Yes, they do, congressman.

“Perhaps PayPal would like to try and clarify this seemingly very hypocritical position,” he suggested.

I asked PayPal to explain why they were doing business in countries that slaughter gay people – but they did not return my calls or emails.

“This bill was purely to protect women and children in the bathroom from people who are really bad actors,” Forest told me. “This had nothing to do with the transgender movement. Nobody has ever said that it’s the transgender community that’s going to be causing those problems. Other bad actors will.”

In Georgia, Mississippi, Arkansas and Indiana – religious liberty bills have come under attack from a number of Fortune 500 companies – from Coca-Cola and Delta Airlines to UPS and Marriott Hotels.

But the American Family Association says what’s shocking is that all of those companies opposing religious liberty in the name of LGBT rights are operating in countries where gays are facing fines and imprisonment.

“The hypocrisy of the major corporations that threatened a boycott in Georgia or other states in response to Religious Freedom Restoration Acts is astounding,” AFA President Tim Wildmon said. “Many of these same corporations are doing business in Saudi Arabia – a country in which homosexuals are fined, jailed or killed for their lifestyle. Yet where is the action there?”

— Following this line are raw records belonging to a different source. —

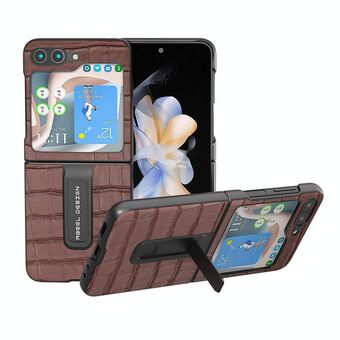 Θήκη τηλεφώνου από γνήσιο δέρμα με υφή κροκόδειλου για Samsung Galaxy Z Flip5 ABEEL με βάση στήριξης (Καφέ)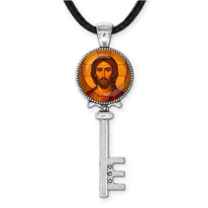 Кулон ключ, цвет серебро, со шнурком, Иисус Христос C1101043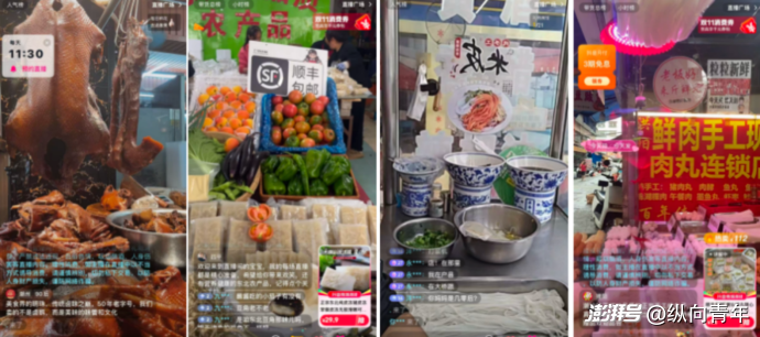 包括不限于擺滿熟食、只有夫妻倆忙碌經(jīng)營的小店;有經(jīng)營資質(zhì)的涼拌米皮小吃也全國包郵油辣子;東北四平菜市場內(nèi)順豐包郵豬皮凍的攤主,連帶幫旁邊的攤位賣點柿子黃瓜,以及揭陽當(dāng)?shù)氐牟藞龅某鄙鞘执蚺H馔?,就在直播間內(nèi)現(xiàn)做現(xiàn)塑封。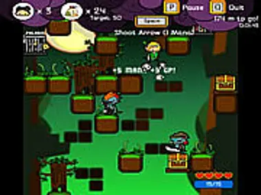 Move downwards as you rescue characters in cages to gain their abilities to kill enemies.

The sad truth is that many Fortune 500 companies have turned a blind eye to the horrors inflicted on the LGBT community in Middle Eastern countries.

Hollywood’s hypocrisy is just as bad.

Celebrity websites are filled with stories about stars of stage and screen vacationing in exotic locales like the United Arab Emirates – where being gay can be a death sentence.

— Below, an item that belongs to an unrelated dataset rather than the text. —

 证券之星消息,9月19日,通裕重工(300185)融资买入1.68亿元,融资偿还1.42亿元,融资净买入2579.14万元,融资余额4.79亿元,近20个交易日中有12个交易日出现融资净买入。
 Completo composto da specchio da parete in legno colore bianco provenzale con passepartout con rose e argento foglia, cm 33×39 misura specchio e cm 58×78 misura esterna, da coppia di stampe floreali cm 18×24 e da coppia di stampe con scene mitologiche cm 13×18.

Talk show host Ellen DeGeneres recently rebuked Mississippi for protecting the rights of religious people.

“This is not politics, this is human rights,” she told her television audience.

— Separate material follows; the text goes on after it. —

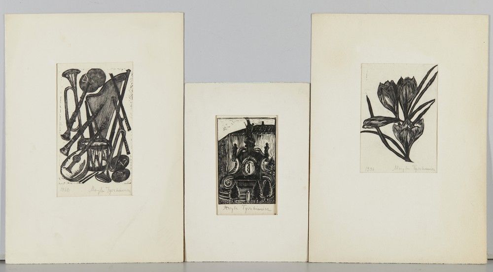- FONTANA firma, es. 9/30 a matita, 15,5x10 cm. lastra: 1x8 cm- FIORI firma, data 1936, es. 7/30 a matita 19,5x15 cm. lastra: 14x 10 cm- STRUMENTI MUSICALI firma, data 1960, es. 6/30, 20,5x15, lastra: 16,5 x 10 cm

Last year, Miss DeGeneres partied the night away at the Shangri-La Hotel in Dubai – a city where gays can be thrown in jail for simply sharing a public kiss.

If Miss DeGeneres is so concerned about human rights, why would she spend her money in a nation that would commit such atrocities?

Even family-friendly Disney is guilty of hypocrisy on the LGBT issue.

Georgia lawmakers recently passed a bill that would protect pastors from performing same-sex weddings.

Disney threatened to boycott the state and take their business elsewhere.

Gov. Nathan Deal gave in to the bullies and vetoed the legislation.

Disney was willing to boycott Georgia for protecting Christian pastors – and yet just a few months ago they staged a performance of “Beauty & the Beast” in Dubai.

I asked Disney to explain why they would do business in a country that imprisons gay people – but so far they have not returned my phone calls or emails.

There’s only one way to stand up to corporate bullies – with your pocketbook.

I’m not the kind of person to tell you what to do with your hard-earned money. But as of today, I will no longer drink Coca-Cola products, nor will I mail packages through UPS.

And I’m proud to tell you that PayPal is no longer a pal of mine.